■ Brief:
Beginning at the line that contains "4. 고춧가루, 간장을", reproduce the entries below exactly, ending with the line that contains "[Below: This ballot". Omit each picture.

■ Records to use:
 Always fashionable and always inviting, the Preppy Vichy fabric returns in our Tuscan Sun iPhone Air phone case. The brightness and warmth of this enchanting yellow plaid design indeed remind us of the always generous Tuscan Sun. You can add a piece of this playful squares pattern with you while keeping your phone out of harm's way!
* * *
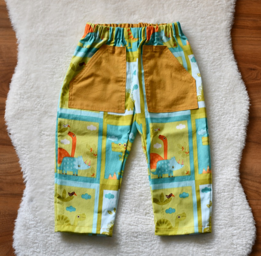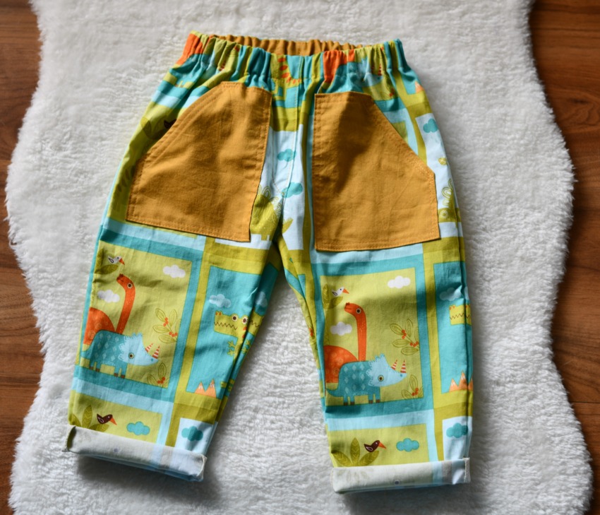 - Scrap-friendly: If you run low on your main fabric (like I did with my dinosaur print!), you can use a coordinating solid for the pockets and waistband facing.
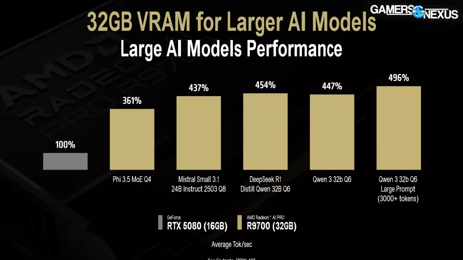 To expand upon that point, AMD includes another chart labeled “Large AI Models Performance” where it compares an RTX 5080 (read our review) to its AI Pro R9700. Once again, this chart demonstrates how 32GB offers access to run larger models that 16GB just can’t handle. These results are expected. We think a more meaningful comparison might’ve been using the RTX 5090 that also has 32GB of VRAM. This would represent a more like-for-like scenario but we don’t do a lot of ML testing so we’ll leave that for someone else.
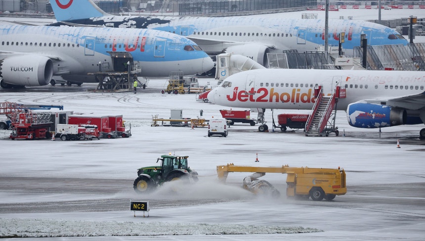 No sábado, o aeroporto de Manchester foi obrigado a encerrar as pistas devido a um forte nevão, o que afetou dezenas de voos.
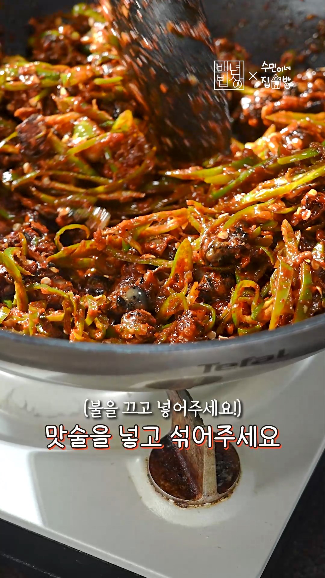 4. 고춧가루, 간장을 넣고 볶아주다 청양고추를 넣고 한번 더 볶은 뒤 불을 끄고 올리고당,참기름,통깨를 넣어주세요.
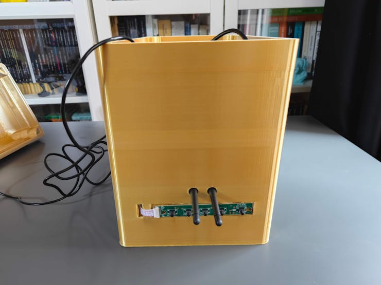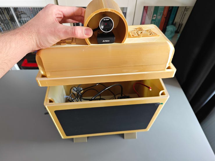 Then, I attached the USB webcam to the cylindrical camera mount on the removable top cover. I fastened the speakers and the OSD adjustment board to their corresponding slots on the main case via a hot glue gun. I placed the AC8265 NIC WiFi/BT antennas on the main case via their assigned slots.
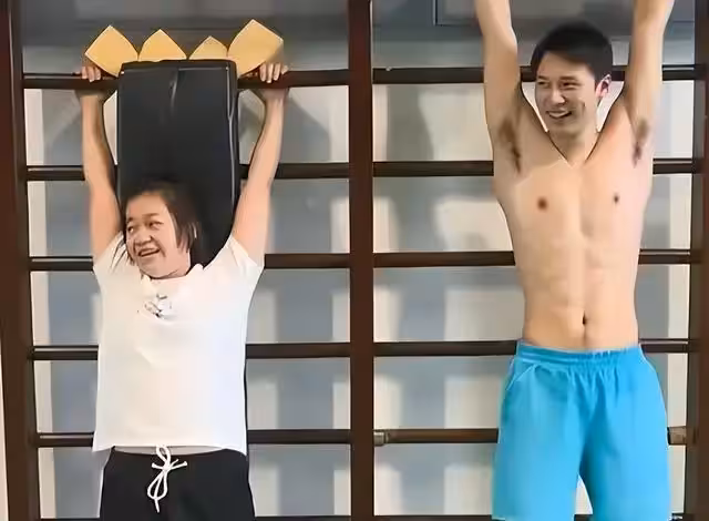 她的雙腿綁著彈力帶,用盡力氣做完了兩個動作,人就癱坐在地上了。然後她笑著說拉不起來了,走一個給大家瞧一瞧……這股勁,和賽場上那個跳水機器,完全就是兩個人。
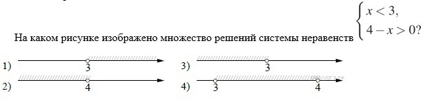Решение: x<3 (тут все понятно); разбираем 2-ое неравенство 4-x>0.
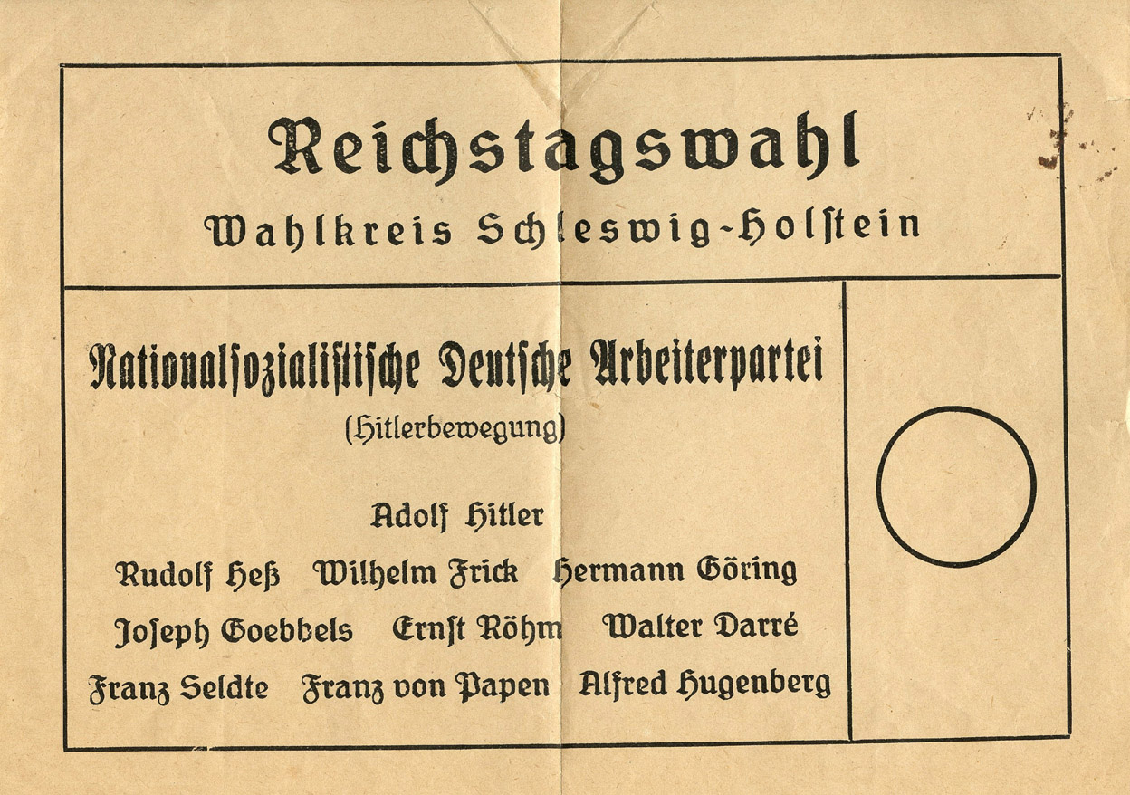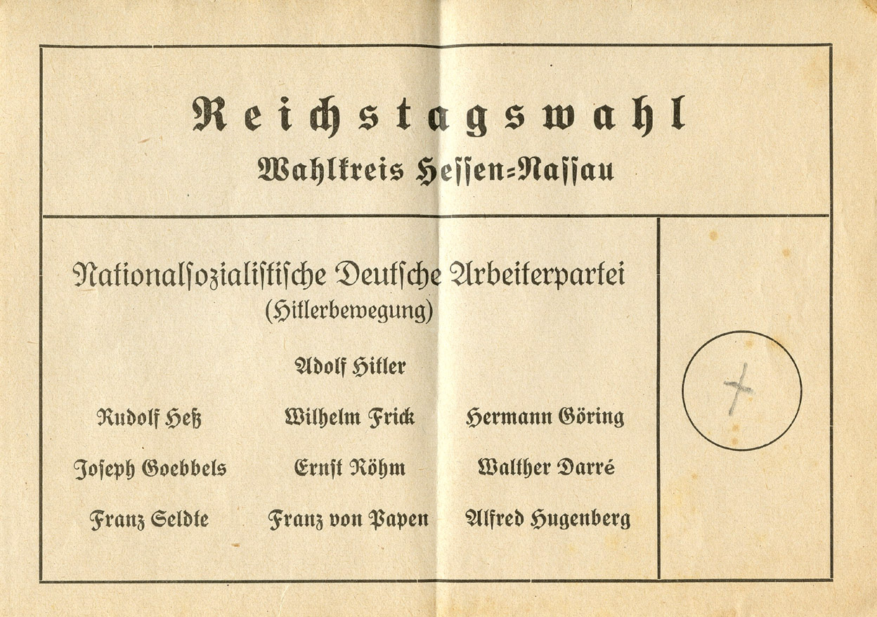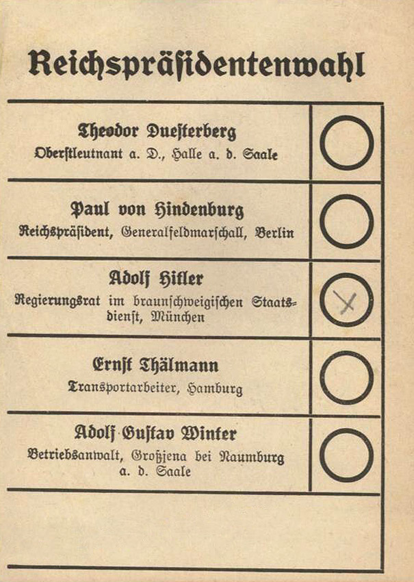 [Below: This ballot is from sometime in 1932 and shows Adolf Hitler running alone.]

■ Solution for this exercise:
 4. 고춧가루, 간장을 넣고 볶아주다 청양고추를 넣고 한번 더 볶은 뒤 불을 끄고 올리고당,참기름,통깨를 넣어주세요.
 Then, I attached the USB webcam to the cylindrical camera mount on the removable top cover. I fastened the speakers and the OSD adjustment board to their corresponding slots on the main case via a hot glue gun. I placed the AC8265 NIC WiFi/BT antennas on the main case via their assigned slots.
 她的雙腿綁著彈力帶,用盡力氣做完了兩個動作,人就癱坐在地上了。然後她笑著說拉不起來了,走一個給大家瞧一瞧……這股勁,和賽場上那個跳水機器,完全就是兩個人。
Решение: x<3 (тут все понятно); разбираем 2-ое неравенство 4-x>0.
 [Below: This ballot is from sometime in 1932 and shows Adolf Hitler running alone.]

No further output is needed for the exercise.